福岡県は2日、議員や事業者らから県職員への「優位な地位・影響力を利用した不当な要求の防止に関する条例」案の概要を発表した。9日に開会する県議会9月定例会に提出する。
県によると、議員や事業者らの地位を利用した不当な働きかけを定義する条例の制定となれば、都道府県では全国初だという。
条例案の内容と違反時の対応
条例案では、国会議員や地方議員、取引業者・団体の役員・知事や県職員の上司らを対象に、県職員に対する口利きや威圧的な言動などを禁止する。
県内部統制室によると、不当な要求かどうかなどの認定は、弁護士などの意見を踏まえて判断することを検討している。弁護士による事実確認の調査の結果、重大事案と判断した場合は、氏名やその行為の内容を県ホームページなどで公表する方針。「公表は外部の指定弁護士に意見を賜ると思う。客観性を持たせたい」としている。
また、条例案では知事ら任命権者には内部・外部に相談窓口を設置して適切に対応することを求めている。
アンケートで約半数が経験
条例案をつくるにあたり、県は本庁の課長や出先機関の所長などの所属長級以上の243人を対象に、これまで不当な要求や威圧的な言動がなかったかについて匿名のアンケートを実施した。
回答した233人のうち119人(51%)が「受けた、または見聞きしたことがある」と回答した。時期(複数回答)は2022年度以前が57人と最も多かったが、25年度も47人、26年度も31人があったと答えた。
国・県・市町村議員によるものが103件と最も多く、事業者・各種団体が38件、職員が32件、その他5件と続いた。内容は「口利き・不当な働きかけ」が75件と最も多く、「威圧的・侮辱的言動」が45件と続いた。
背景に県政をめぐる一連の問題
行為の内容は、工事の発注で特定の業者の選定を求める働きかけ▽予定価格の事前提供を求める働きかけ▽補助金の採択で便宜を求める働きかけ▽要求に応じなければ議会運営や業務遂行に支障が生じることを示唆する発言、などの回答があった。実際に不当な要求に応じたかどうかなどは調査していないという。

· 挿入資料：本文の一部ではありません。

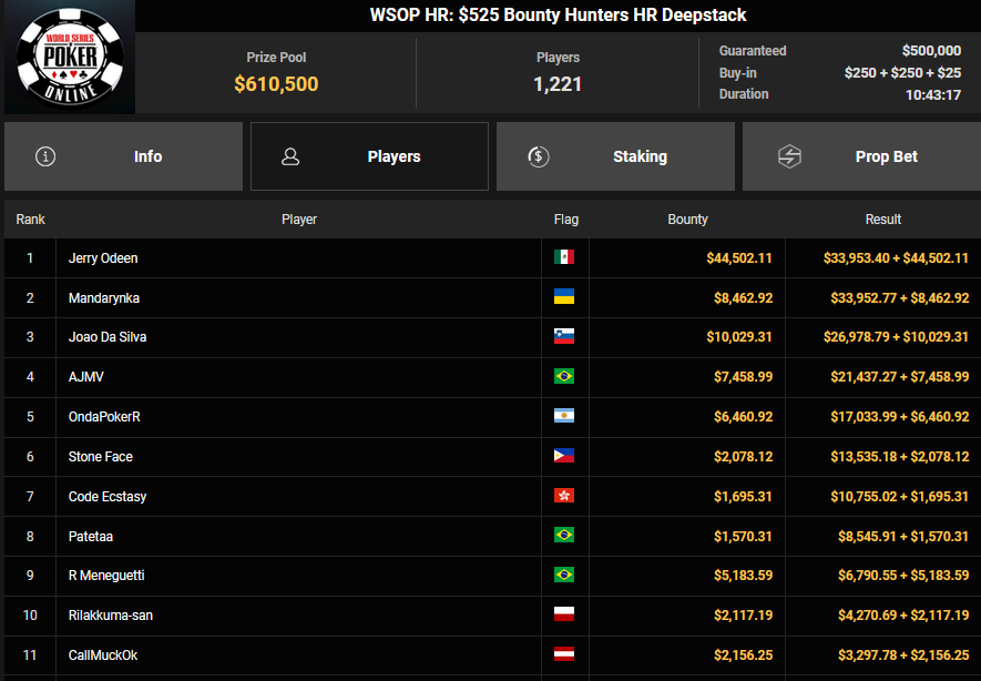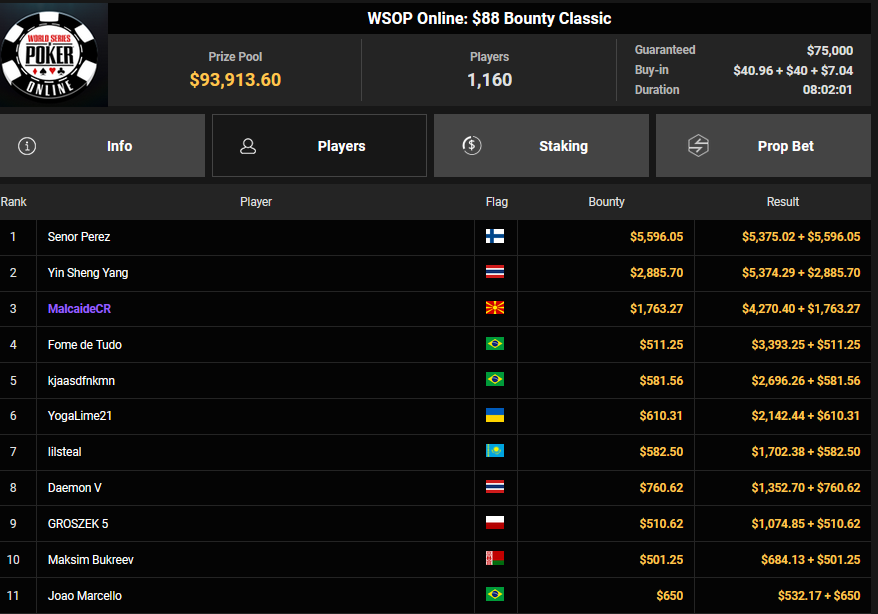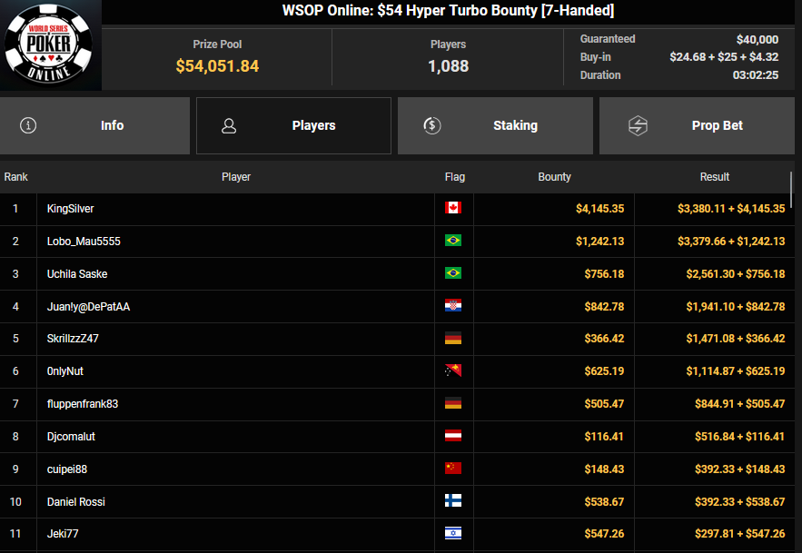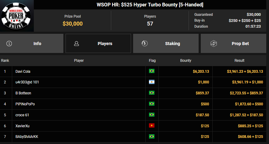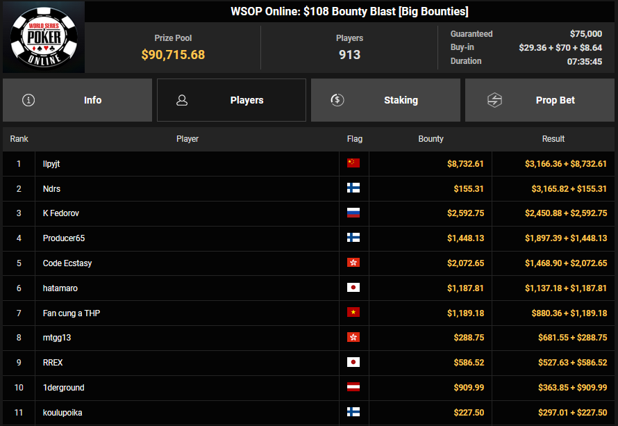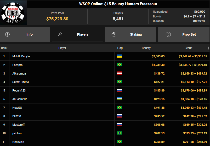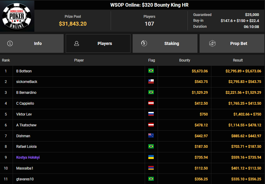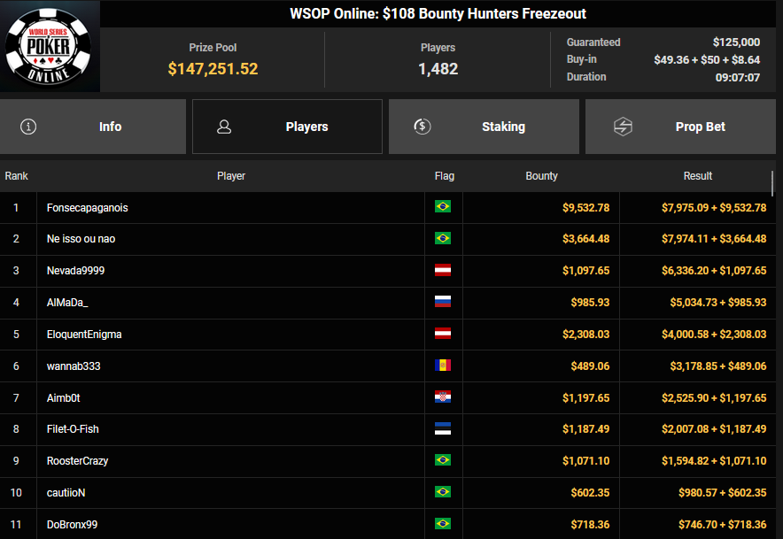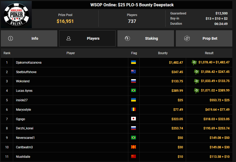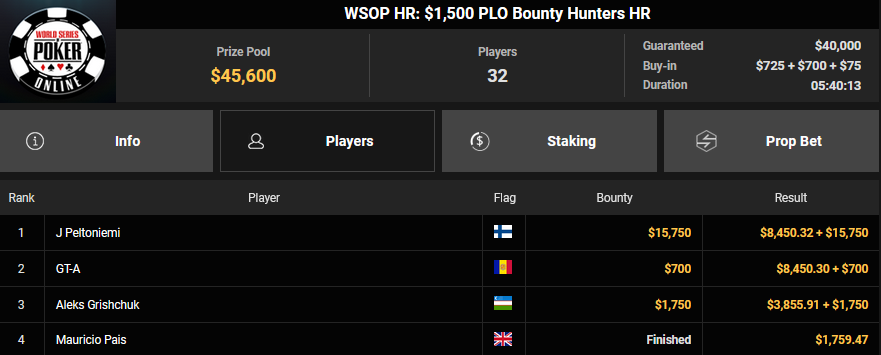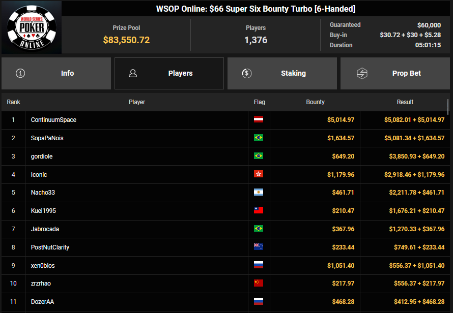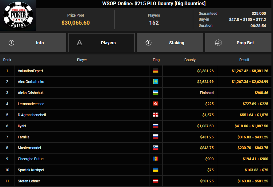 ValuationExpert konnte sich das $215 PLO Bounty ($1.267 + $8.381) sichern, Alkaramba wurde Dritter beim $15 Bounty Hunters für $2.659 + $439. Nevada9999 konnte Platz 3 beim $108 Bounty Hunters Freezeout für $6.336 + $1.097 erobern, Clickwork kam beim $525 Fifty Stack HR auf Rang 3 für $4.303.
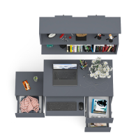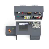 Комплектация включает стол компьютерный три ящика Мори МС-6 правый, малую тумбу Мори ТПМ400.1 и навесную полку Плк-900. Отсутствие ручек главное преимущество данной модели. Роль ручек выполняют сами фасады.
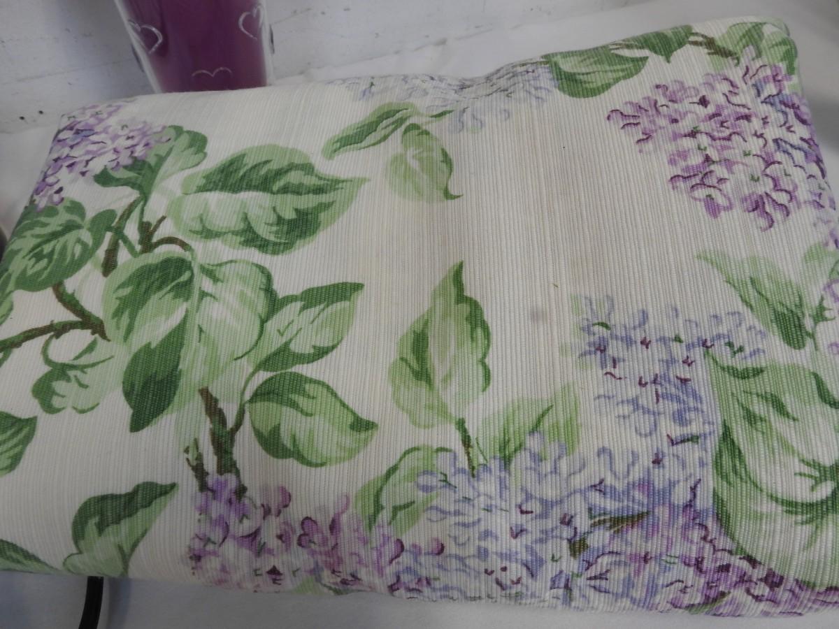 Kitchen Lot: Mug Holder, 3 Glass Mugs, Floral Rectangle Tablecloth, 2 Refillable Cups, Mini Waffle Maker-Works
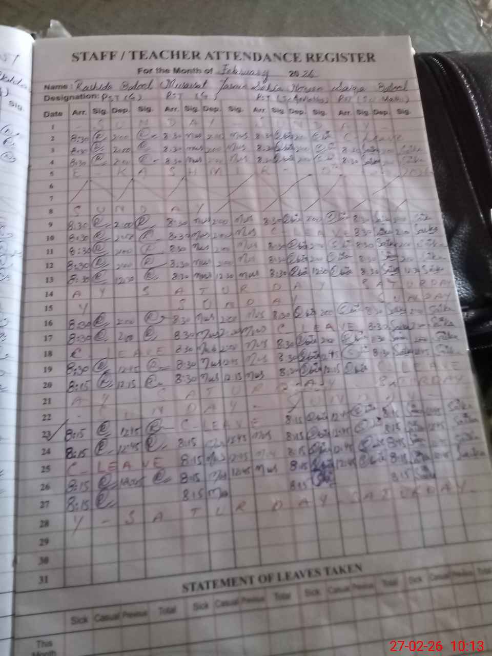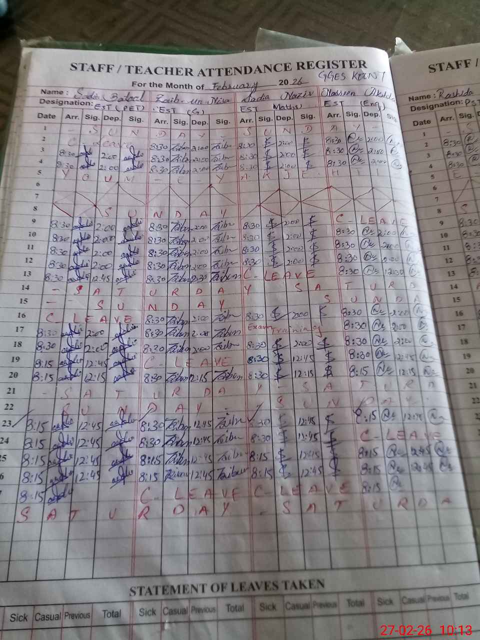 | 37**** | Za**** | EST General Arts | Regular | 0 | 0 | 0 | 0 | 0 | 0 | 0 | 0 | 0 | Casual |
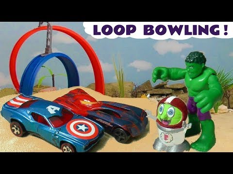 Hot Wheels Superhero cars loop bowling with Avengers Hulk Spiderman and the funny Funlings TT4U ─ Toy Trains 4u
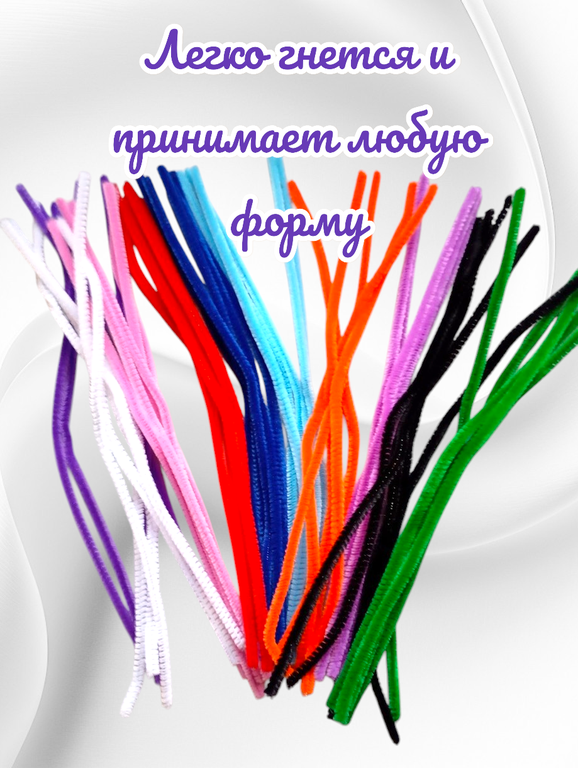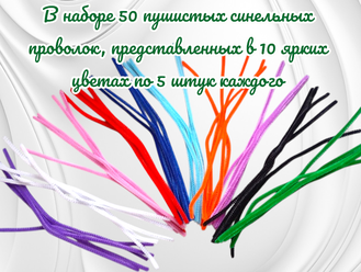 Пушистая синельная проволока длиной 30 см и диаметром 6 мм идеально подходит для детского творчества и рукоделия. В наборе 50 штук проволоки пяти различных цветов, что позволяет создавать разнообразные поделки.
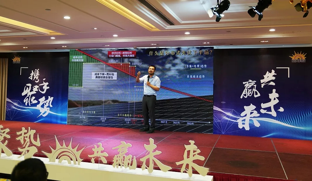 会议初始,尊龙凯时人生就是搏科技总裁丁一波先生发表了“关于光伏下半场的思考”,就光伏政策红利和技术红利对光伏行业下半场的发展进行了深度剖析。光伏上半场,受成本及补贴调整的影响,光伏行业利润始终处于上下浮动的红线区;光伏下半场,随着技术不断提升和成本逐步下降,行业利润敞口将逐渐扩大,引发现场嘉宾深度思考。光伏行业经历去年531,行业格局已从单打独斗转向携手共赢,尊龙凯时人生就是搏科技顺势而为,致力打造【一个平台、一个通道】的户用和工商业战略合作模式,与光伏同行者聚势共赢。
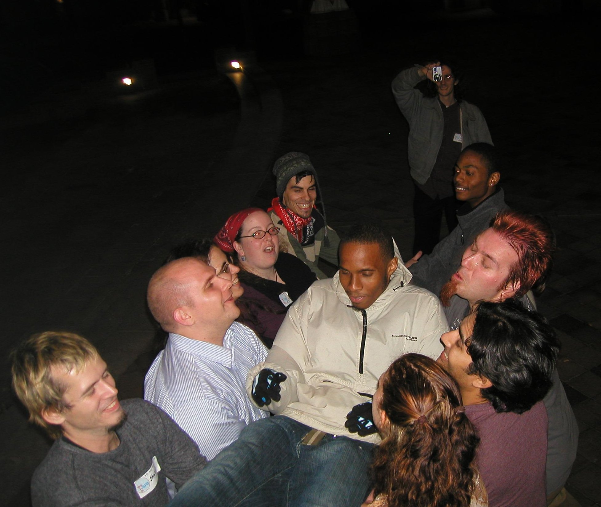 As much as I despise trust building exercises as a class of activities (second only to icebreakers on my list of artificial social interactions which ought to be driven from the face of the earth), this is pretty interesting. Bringing in strangers off the street makes it all the better.
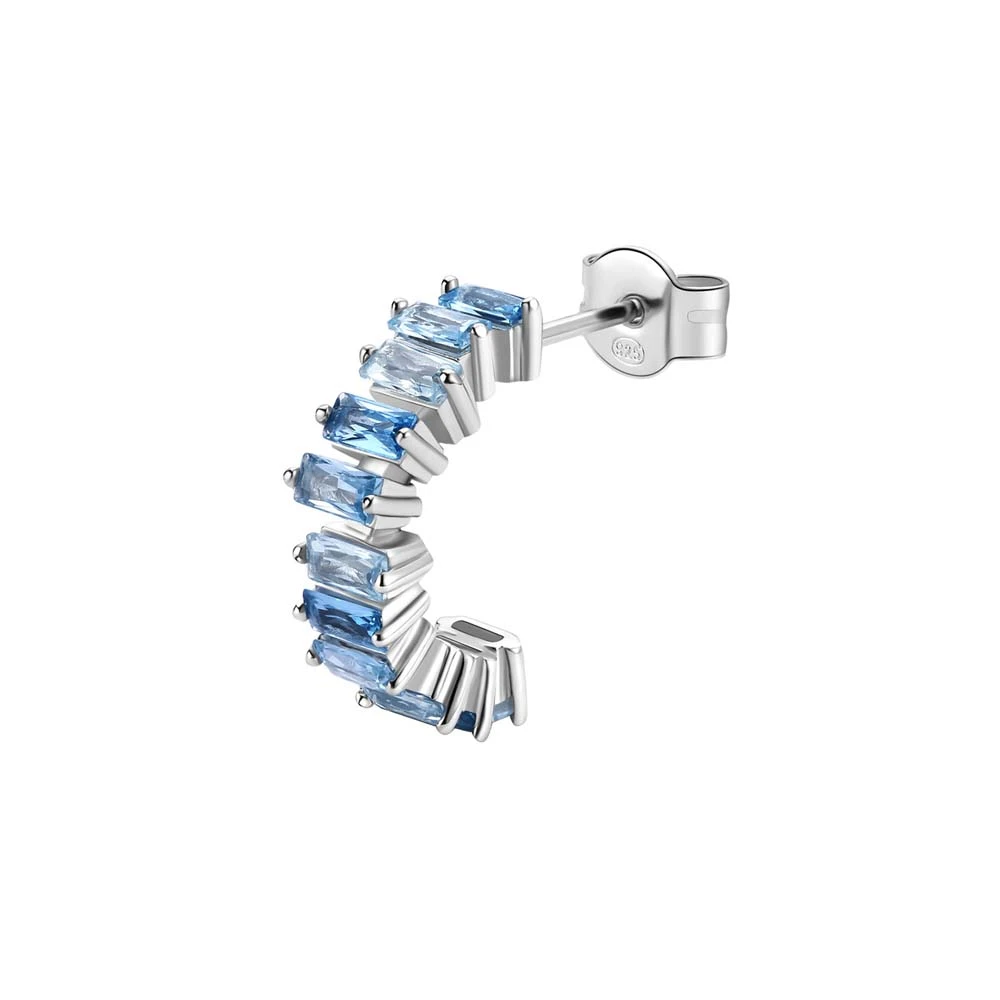 Stříbrná náušnice polokroužek. Náušnice je vyrobená ze stříbra ryzosti 925/1000 a osazená prvotřídními zirkony. Povrch náušnice je porhodiovaný. Nanesené rhodium dodává náušnici jasnou barvu s leskem a zajišťuje její dlouhodobý bezchybný vzhled. Náušnicové zapínání je na puzetku. Uvedená cena platí za jednu náušnici.

県と県議会をめぐっては、職員の互助会「部課長会」が議長らの政治資金パーティー券を組織的に購入した問題や、職員が他会派からの議会での質問案を自民会派に「横流し」した問題などが相次いで発覚。県は職員の中で議員との上下関係の意識が続いてきたことが背景にあったとしている。
服部誠太郎知事は2日、定例会見で「職員を組織として守ることで、県民の利益を守るための条例だ。県政改革が、検討する段階から具体的な仕組みによって実行する段階に入った」と強調した。
一方、9月定例会では、議員が守るべき基準などを定めた「政治倫理条例案」が、議員提出議案として審議される見通しだ。